Records excerpted from a collection:

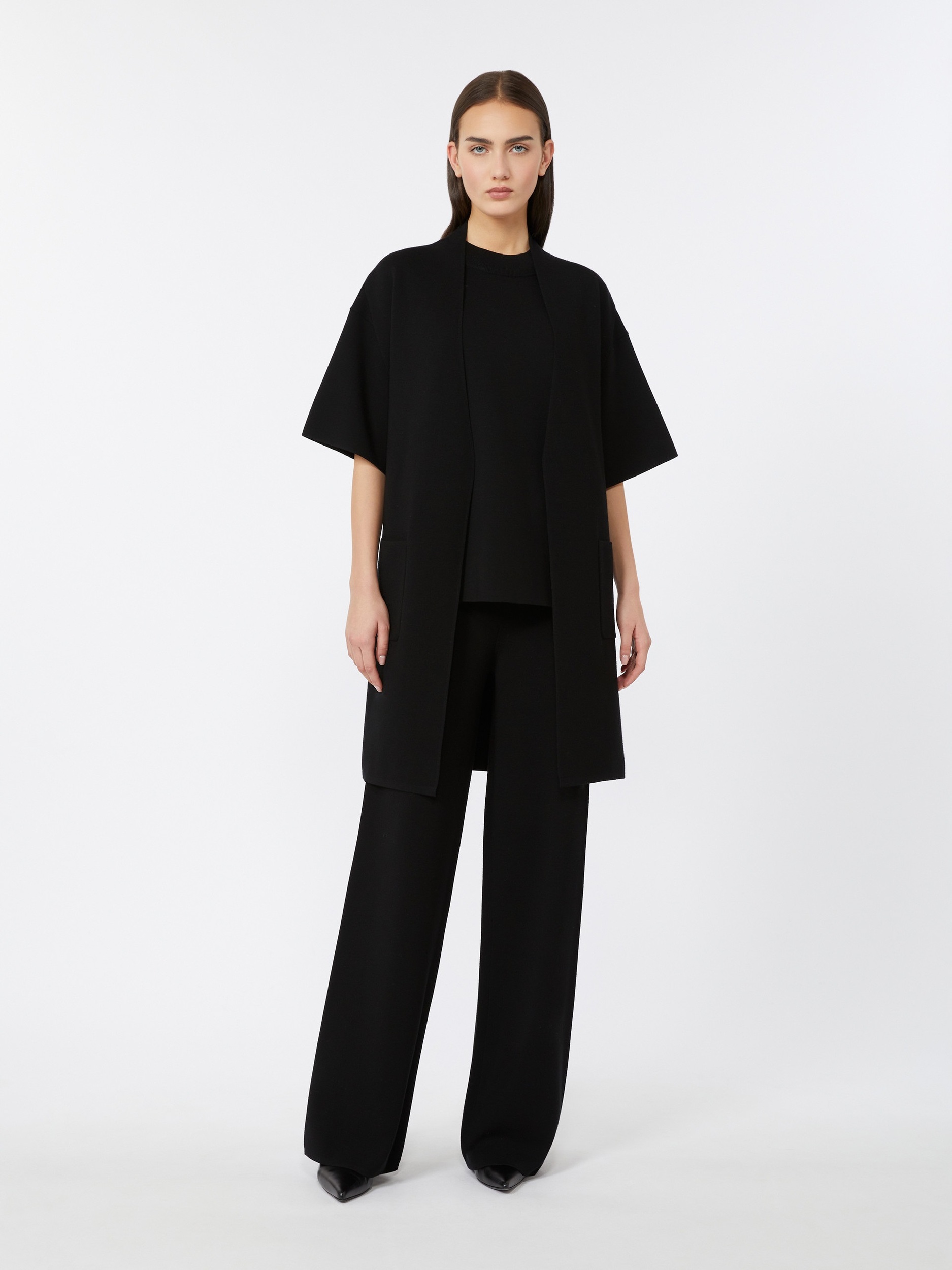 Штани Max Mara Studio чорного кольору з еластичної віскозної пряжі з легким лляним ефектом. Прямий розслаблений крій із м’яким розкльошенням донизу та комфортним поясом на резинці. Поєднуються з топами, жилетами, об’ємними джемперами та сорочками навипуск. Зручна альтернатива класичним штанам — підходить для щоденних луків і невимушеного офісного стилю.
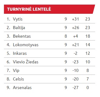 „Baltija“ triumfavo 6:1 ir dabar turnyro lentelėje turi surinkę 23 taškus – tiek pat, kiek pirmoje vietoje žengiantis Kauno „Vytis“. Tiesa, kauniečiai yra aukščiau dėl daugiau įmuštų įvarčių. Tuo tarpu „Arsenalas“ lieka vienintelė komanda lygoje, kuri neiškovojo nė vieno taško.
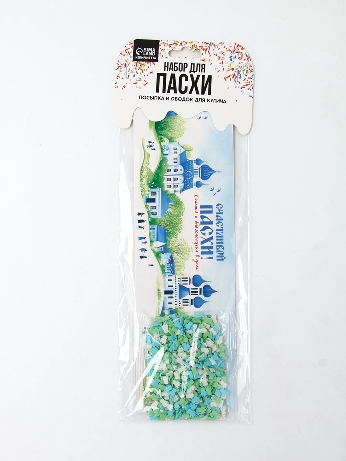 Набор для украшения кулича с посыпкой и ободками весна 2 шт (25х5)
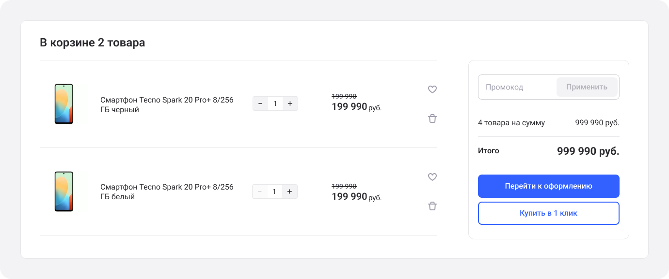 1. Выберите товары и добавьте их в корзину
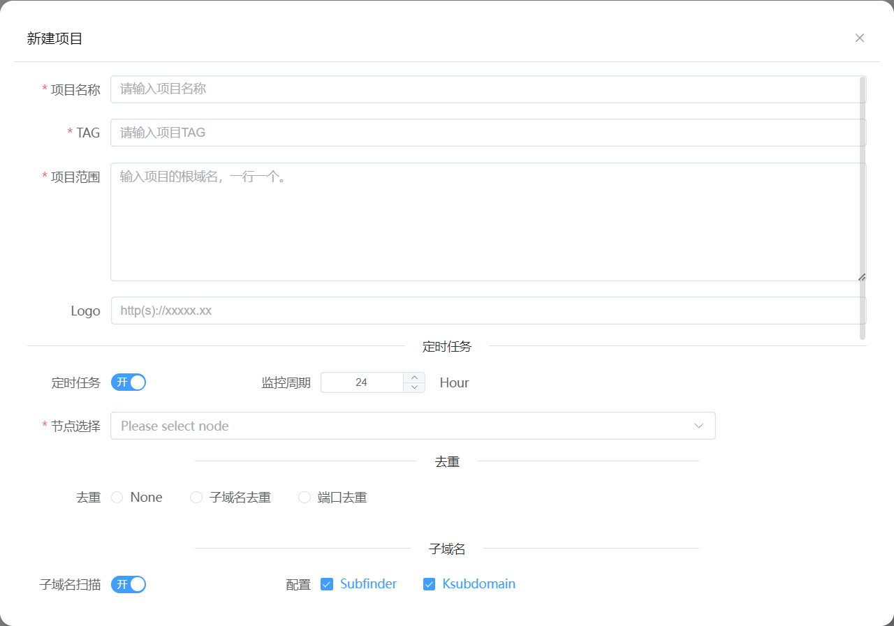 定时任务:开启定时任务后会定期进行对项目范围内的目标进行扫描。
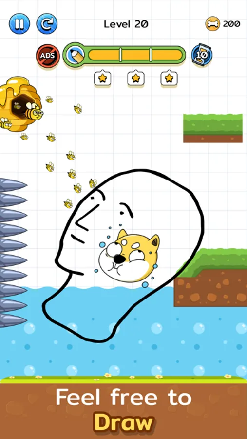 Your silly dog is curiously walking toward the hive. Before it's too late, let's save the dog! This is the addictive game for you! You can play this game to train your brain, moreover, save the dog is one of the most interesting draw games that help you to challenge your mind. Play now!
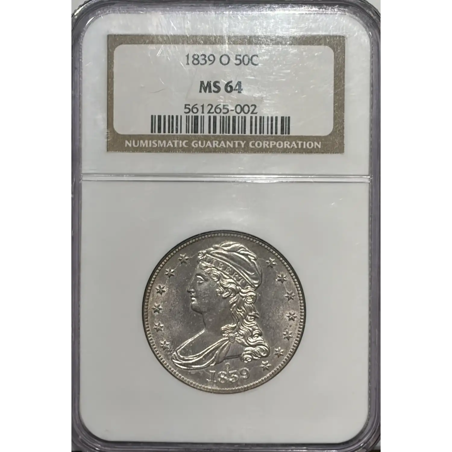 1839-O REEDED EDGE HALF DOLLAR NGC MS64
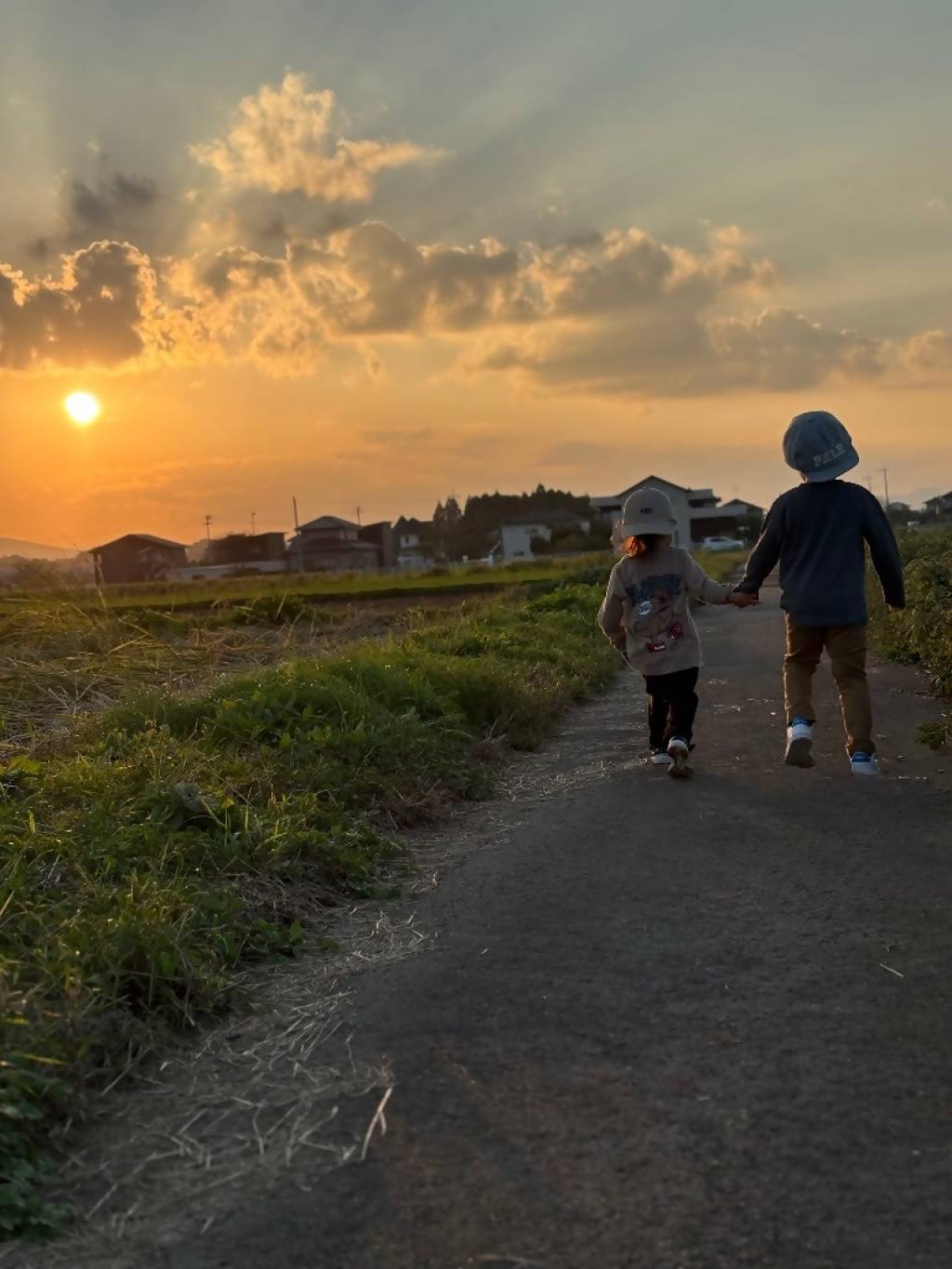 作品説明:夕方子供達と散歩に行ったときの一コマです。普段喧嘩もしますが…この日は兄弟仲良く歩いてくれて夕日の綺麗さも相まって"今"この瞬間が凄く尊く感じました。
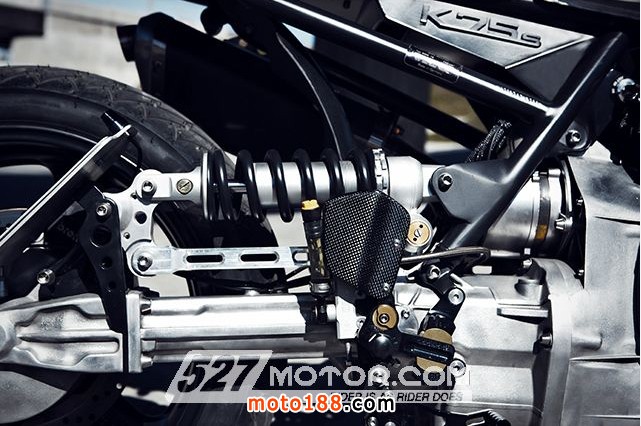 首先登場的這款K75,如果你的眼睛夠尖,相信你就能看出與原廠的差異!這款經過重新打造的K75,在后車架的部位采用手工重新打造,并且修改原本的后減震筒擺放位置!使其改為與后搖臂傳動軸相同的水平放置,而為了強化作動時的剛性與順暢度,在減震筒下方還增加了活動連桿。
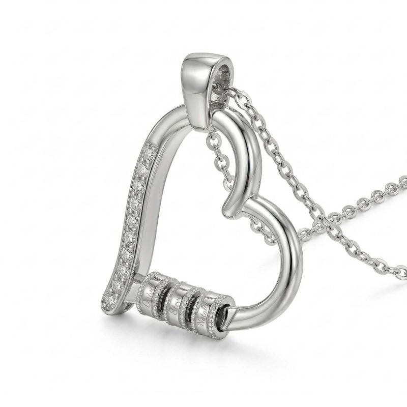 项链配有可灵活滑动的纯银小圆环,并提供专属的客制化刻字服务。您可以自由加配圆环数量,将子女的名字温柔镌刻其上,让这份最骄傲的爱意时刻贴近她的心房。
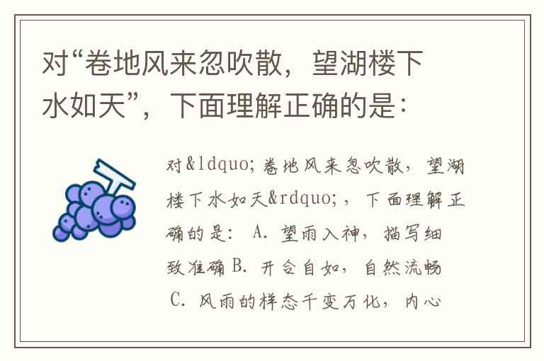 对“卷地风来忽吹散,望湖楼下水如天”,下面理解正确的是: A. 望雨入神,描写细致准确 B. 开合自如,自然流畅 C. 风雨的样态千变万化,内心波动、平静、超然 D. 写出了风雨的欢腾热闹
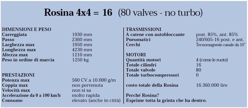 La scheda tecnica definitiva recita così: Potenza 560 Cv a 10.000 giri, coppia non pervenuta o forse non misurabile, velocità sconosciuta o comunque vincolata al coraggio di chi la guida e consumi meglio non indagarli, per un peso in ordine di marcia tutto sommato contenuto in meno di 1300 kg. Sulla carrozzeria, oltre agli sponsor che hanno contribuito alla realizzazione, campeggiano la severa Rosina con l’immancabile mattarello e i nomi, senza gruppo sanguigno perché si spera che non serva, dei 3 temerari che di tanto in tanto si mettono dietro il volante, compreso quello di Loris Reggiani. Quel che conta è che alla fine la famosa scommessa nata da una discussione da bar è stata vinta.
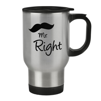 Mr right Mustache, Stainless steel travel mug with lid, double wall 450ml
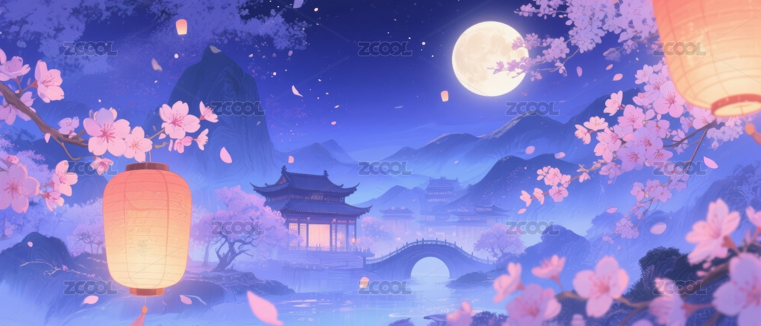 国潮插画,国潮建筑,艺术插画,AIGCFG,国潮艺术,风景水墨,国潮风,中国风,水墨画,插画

--- What the exercise asks ---
From the first line to the last, output the records exactly without pictures.

--- Task result ---
 Штани Max Mara Studio чорного кольору з еластичної віскозної пряжі з легким лляним ефектом. Прямий розслаблений крій із м’яким розкльошенням донизу та комфортним поясом на резинці. Поєднуються з топами, жилетами, об’ємними джемперами та сорочками навипуск. Зручна альтернатива класичним штанам — підходить для щоденних луків і невимушеного офісного стилю.
 „Baltija“ triumfavo 6:1 ir dabar turnyro lentelėje turi surinkę 23 taškus – tiek pat, kiek pirmoje vietoje žengiantis Kauno „Vytis“. Tiesa, kauniečiai yra aukščiau dėl daugiau įmuštų įvarčių. Tuo tarpu „Arsenalas“ lieka vienintelė komanda lygoje, kuri neiškovojo nė vieno taško.
 Набор для украшения кулича с посыпкой и ободками весна 2 шт (25х5)
 1. Выберите товары и добавьте их в корзину
 定时任务:开启定时任务后会定期进行对项目范围内的目标进行扫描。
 Your silly dog is curiously walking toward the hive. Before it's too late, let's save the dog! This is the addictive game for you! You can play this game to train your brain, moreover, save the dog is one of the most interesting draw games that help you to challenge your mind. Play now!
 1839-O REEDED EDGE HALF DOLLAR NGC MS64
 作品説明:夕方子供達と散歩に行ったときの一コマです。普段喧嘩もしますが…この日は兄弟仲良く歩いてくれて夕日の綺麗さも相まって"今"この瞬間が凄く尊く感じました。
 首先登場的這款K75,如果你的眼睛夠尖,相信你就能看出與原廠的差異!這款經過重新打造的K75,在后車架的部位采用手工重新打造,并且修改原本的后減震筒擺放位置!使其改為與后搖臂傳動軸相同的水平放置,而為了強化作動時的剛性與順暢度,在減震筒下方還增加了活動連桿。
 项链配有可灵活滑动的纯银小圆环,并提供专属的客制化刻字服务。您可以自由加配圆环数量,将子女的名字温柔镌刻其上,让这份最骄傲的爱意时刻贴近她的心房。
 对“卷地风来忽吹散,望湖楼下水如天”,下面理解正确的是: A. 望雨入神,描写细致准确 B. 开合自如,自然流畅 C. 风雨的样态千变万化,内心波动、平静、超然 D. 写出了风雨的欢腾热闹
 La scheda tecnica definitiva recita così: Potenza 560 Cv a 10.000 giri, coppia non pervenuta o forse non misurabile, velocità sconosciuta o comunque vincolata al coraggio di chi la guida e consumi meglio non indagarli, per un peso in ordine di marcia tutto sommato contenuto in meno di 1300 kg. Sulla carrozzeria, oltre agli sponsor che hanno contribuito alla realizzazione, campeggiano la severa Rosina con l’immancabile mattarello e i nomi, senza gruppo sanguigno perché si spera che non serva, dei 3 temerari che di tanto in tanto si mettono dietro il volante, compreso quello di Loris Reggiani. Quel che conta è che alla fine la famosa scommessa nata da una discussione da bar è stata vinta.
 Mr right Mustache, Stainless steel travel mug with lid, double wall 450ml
 国潮插画,国潮建筑,艺术插画,AIGCFG,国潮艺术,风景水墨,国潮风,中国风,水墨画,插画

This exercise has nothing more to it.